‘Forgotten people, forgotten land’: Weak leadership, lack of unity make Southwest Louisville easy target for junkyards, flea markets

An old Melton's Food Mart location on Valley Station Road has been transformed into a flea market/yard sale operation.

Being an activist in your neighborhood might be a cool thing if you live in the Highlands or Germantown, but being a neighborhood activist in

Southwest Louisville makes you about as cool as a fanny pack.

Last week I was called an “elitist” for complaining about a new flea market/yard sale operation. It is the twelfth such business to begin operating in the southwest in the last three years.

There has been an abundance of talk lately about retail development here, with some residents (the minority) turning sour on dirty flea markets and knick-knack shops. Others (the majority) are perfectly satisfied with their options, although they say they would like a “nice place to eat” on Dixie Highway.

You know, a place to cool the heels after a tough day sifting through yard sale items at an abandoned Kroger store.

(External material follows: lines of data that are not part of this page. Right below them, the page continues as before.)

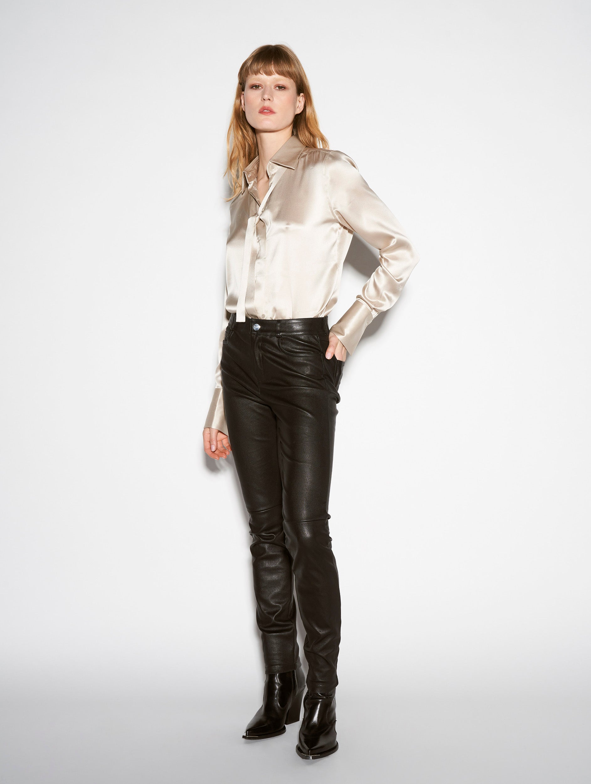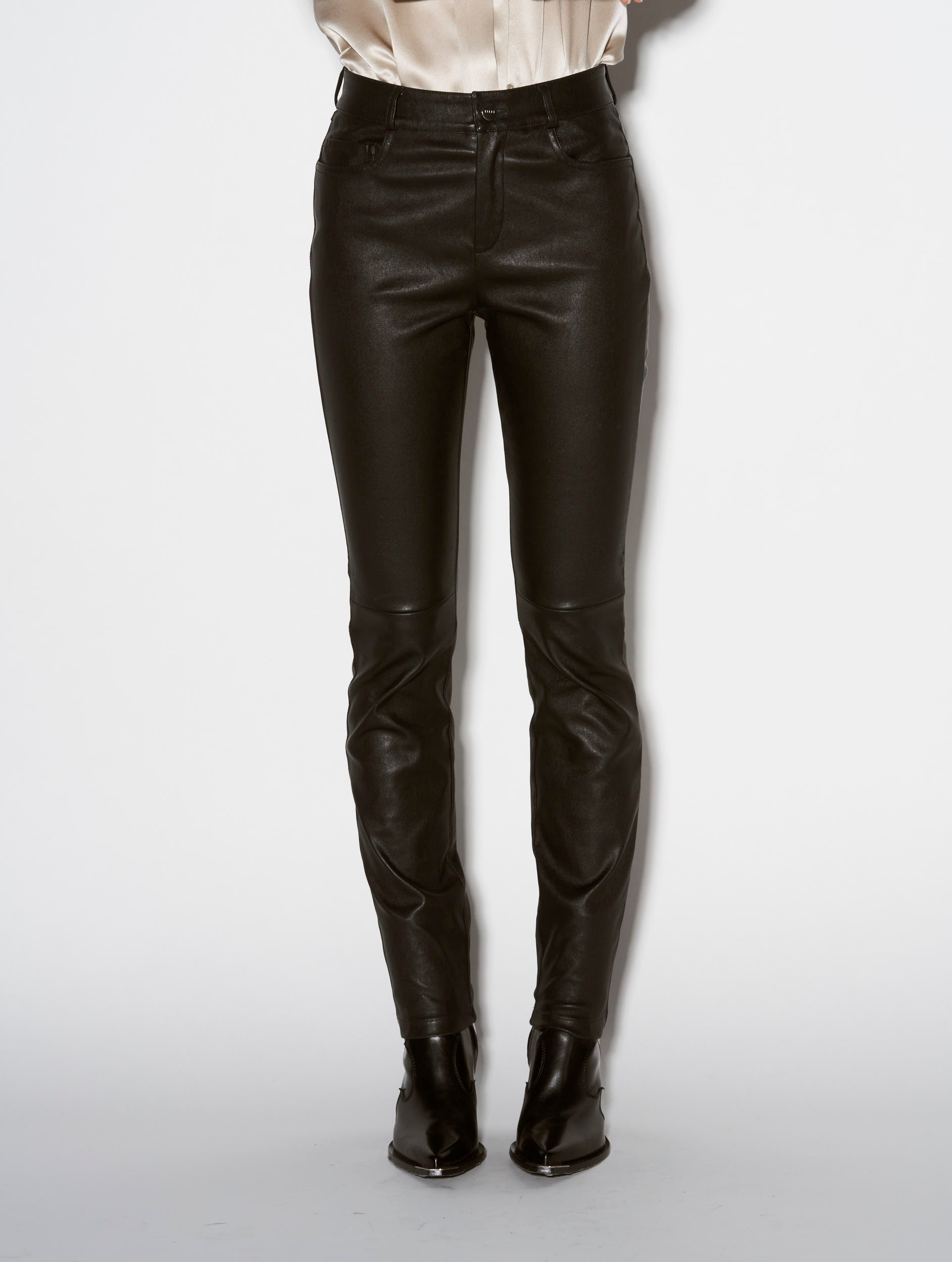 The attractive slim cut and iconic finishing details found in jeans are echoed in these stretch calfskin leather trousers. With 5 pockets including a small ticket pocket, these black leather trousers feature two rear patch pockets, belt loops at the waist and two small silver metal rivets at the back. These stylish close-fit trousers are adorned with tone on tone overstitch detail on the knees for a rock look inspired by biker trousers. With a fine-knit sweater or silk satin shirt, you will wear these slim-fit trousers in stretch leather from morning to evening.
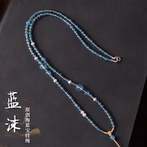 海蓝宝珠链珍珠手工编织吊坠挂绳玉坠玉佩翡翠挂件项链绳子毛衣链
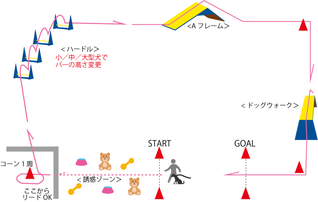 - 「誘惑ゾーン」「コーン1周」をクリアした後、「ハードル」「Aフレーム」「ドッグウォーク」などのアジリティをクリアしながらゴールを目指すタイムレースです。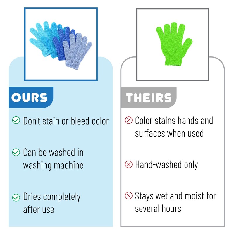 - Slick Solutions exfoliating gloves made of 100% high quality nylon. Package includes 4 pcs premium scrub wash mitts in 4 blue shades
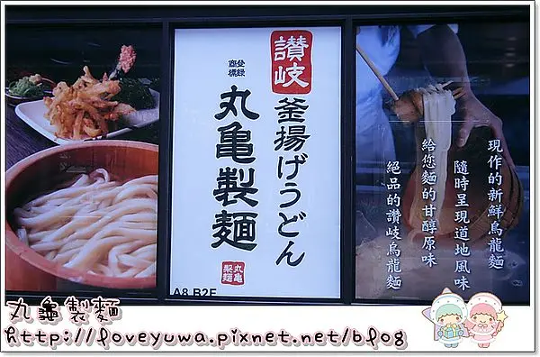 信義區有許多家新光三越,到了新光三越A8外面就可以看到下面大大的丸龜製麵廣告招牌。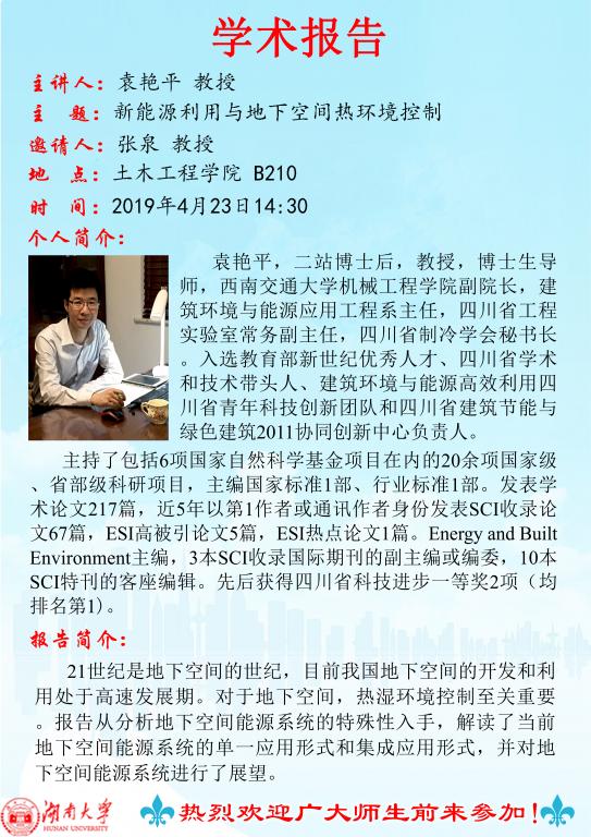 袁艳平:新能源利用与地下空间热环境控制

The latest project to come racing down the jack was one that personally offended me and a few others who have put in time to improve the reputation of the southwest area in the eyes of the community. The “public meeting” on the project did little to change any minds.

Copart USA wants to build a “salvage auto auction storage and title facility” on nearly 60 acres adjacent to Pond Creek near the Gene Snyder Freeway. The company says the lot, once completed, will hold 2,800 wrecked vehicles that will be sold online to companies and individuals.

Some residents call it an automobile junkyard, and I do not disagree with them.

It is my opinion the place will be a junkyard in which you have to buy the whole car instead of by the piece, as if that makes any difference.

The problem Copart USA has is the land is very close to residences in the Prairie Village neighborhood. Citizens went wild and jammed a local church to voice their displeasure, all the while being told by the company’s attorney, “You people have no say. The land is already zoned for it.”

I was contacted by an old high school classmate who lives in direct view of the property in question. Of the meeting she said, “These people are nuts. They are ready to fight up here.”

The larger issue is there are some people who don’t see anything wrong with this type of development – an issue which takes us to this even larger predicament: We cannot seem to agree on what type of place we want this to be.

It has always been this way. We organize and fight just long enough to make the news. Then, we slip back into the complacency coma that has allowed bad development and bad ideas to flourish and flush out all the good people who made this place their home.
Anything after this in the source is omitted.